Fasting Checklist

Would you like to fast?  Have you tried it?  If you would like to begin or continue this spiritual discipline, here’s a checklist to follow that will make your time with the Lord more meaningful and spiritually rewarding.

1.       Why am I Fasting?

Is it for spiritual renewal, for guidance, for healing, for the resolution of problems, for special grace to handle a difficult situation? Ask the Holy Spirit to clarify His leading and objectives for your prayer fast. This will enable you to pray more specifically and strategically.

2. What type of Fast?

Pray about the kind of fast you should undertake. Jesus implied that all of His followers should fast (Matthew 6:16-18; 9:14,15) For Him it was a matter of when believers would fast, not if they would do it. Before you fast, decide the following up front:

  • How long you will fast – one meal, one day, a week, several weeks, forty days (Beginners should start slowly, building up to longer fasts.)
  • What is the type of fast God wants you to undertake:
  • Absolute fast:  no food or water for a period of time
  • Normal fast:  only water, but no food or other drink
  • Partial or Liquid fast:  liquids, juices, etc
  • Easter fast:  like Lent, fasting or giving up something in the weeks leading up to Easter
  • Media/Technology:  TV, radio, Facebook, telephone, etc.
  • How much time will you devote to prayer and time with God?

Making these commitments ahead of time will help you sustain your fast when physical temptations and life’s pressures tempt you to abandon it.

3.       Am I Ready Physically?

Fasting requires reasonable precautions. Consult your physician first, especially if you take prescription medication or have a chronic ailment. Some persons should never fast without professional supervision.

Physical preparation makes the drastic change in your eating routine a little easier so that you can turn your full attention to the Lord in prayer.

  • Do not rush into your fast.
  • Prepare your body. Eat healthier meals before starting a fast.

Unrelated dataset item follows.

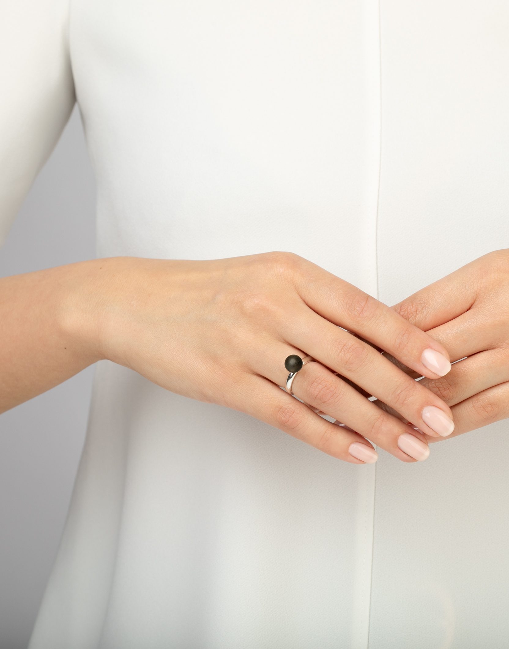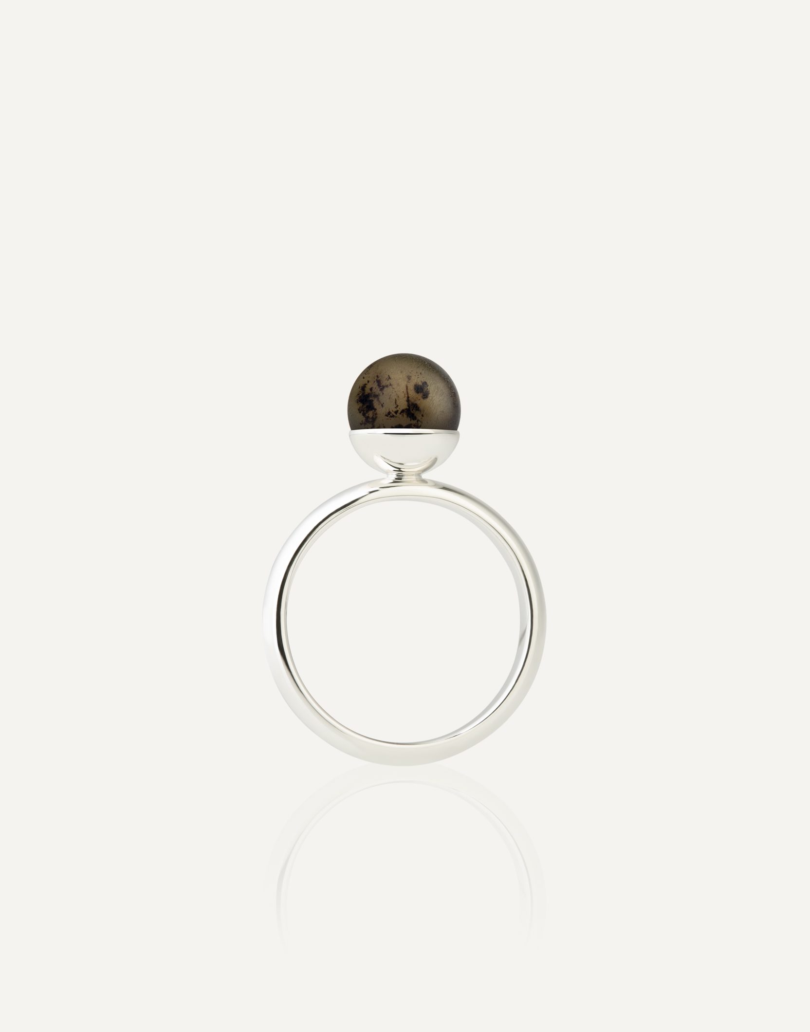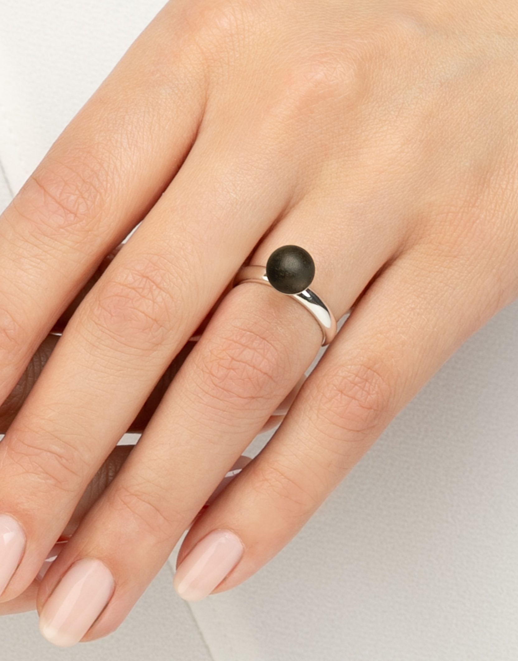 Sterling silver ring NERO with a modern black amber design is an exclusive accent that will expressively complement your style. Raw black amber of the ring is dry-polished by honing the surface of the amber. This polishing method gives the natural amber a matte, grayish hue, but over time, the earth’s color range emerges. This round amber ring is sure to add a touch of coziness to your daily look.
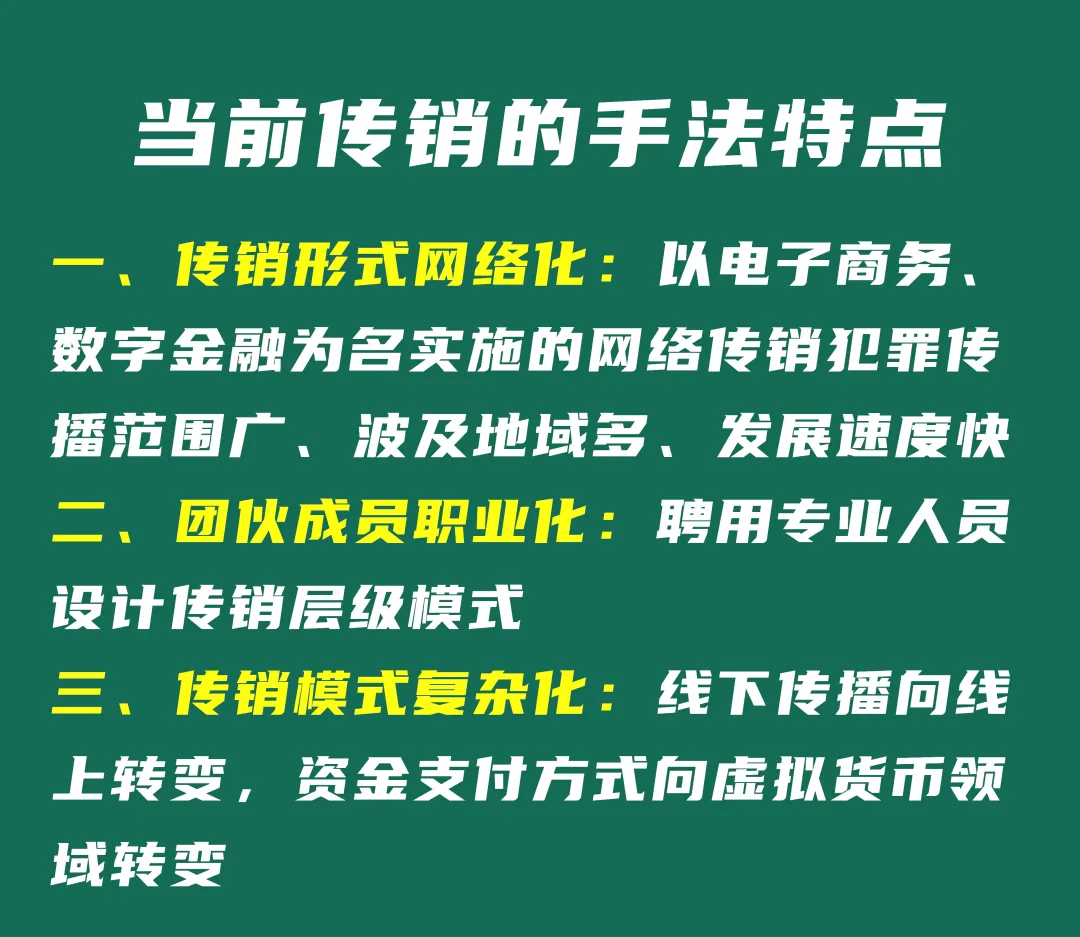對(duì)此,上海公安經(jīng)偵部門(mén)堅(jiān)持“發(fā)現(xiàn)就查、露頭就打”,不斷提升打防能級(jí)。 一是數(shù)據(jù)研判,網(wǎng)絡(luò)巡查,堅(jiān)持打早打小。 二是行刑銜接,聯(lián)動(dòng)執(zhí)法,提升打防效能。 三是普法宣傳,源頭防范,營(yíng)造社會(huì)共識(shí)。 警方提醒 廣大市民,要牢固樹(shù)立風(fēng)險(xiǎn)防范意識(shí),自覺(jué)抵制傳銷。上海公安也將持續(xù)嚴(yán)厲打擊危害市民合法權(quán)益的經(jīng)濟(jì)犯罪,切實(shí)保障消費(fèi)者合法權(quán)益。 [此文來(lái)源:警民直通車上海,版權(quán)說(shuō)明:以上文字及圖片來(lái)源于網(wǎng)絡(luò),僅供學(xué)習(xí)和交流使用,不具有任何商業(yè)用途,其目的在于傳遞更多的信息,并不代表本平臺(tái)贊同其觀點(diǎn)。版權(quán)歸原作者所有,如涉版權(quán)或來(lái)源標(biāo)注有誤,請(qǐng)及時(shí)和我們?nèi)〉寐?lián)系,我們將迅速處理,謝謝!

4.  Am I Prepared Spiritually?

The very foundation of fasting and prayer is to seek God. Here are several things you can do to prepare your heart:

  •  Begin your time of fasting and prayer with an expectant heart (Hebrews 11:6).
  • Plan to listen.  When you run out of things to pray for, listen to God’s voice.
  • Confess every sin that the Holy Spirit calls to your remembrance and accept God’s forgiveness (1 John 1:9).
  • Surrender your life fully to Jesus Christ; refuse to obey your worldly nature (Romans 12:1,2).
  • Do not underestimate spiritual opposition. Satan sometimes intensifies the natural battle between body and spirit (Galatians 5:16,17).

5.      While Fasting

Your time of fasting and prayer has come. You are abstaining from all solid foods and have begun to seek the Lord. Here are some helpful suggestions to consider:

  • Prepare yourself for temporary mental discomforts, such as impatience, crankiness, and anxiety.
  • Limit your activity.
  • Rest as much as your schedule will permit.
  • Expect some physical discomforts.. You may have fleeting hunger pains, dizziness, or the “blahs.” Withdrawal from caffeine and sugar may cause headaches. Physical annoyances may also include weakness, tiredness, or sleeplessness.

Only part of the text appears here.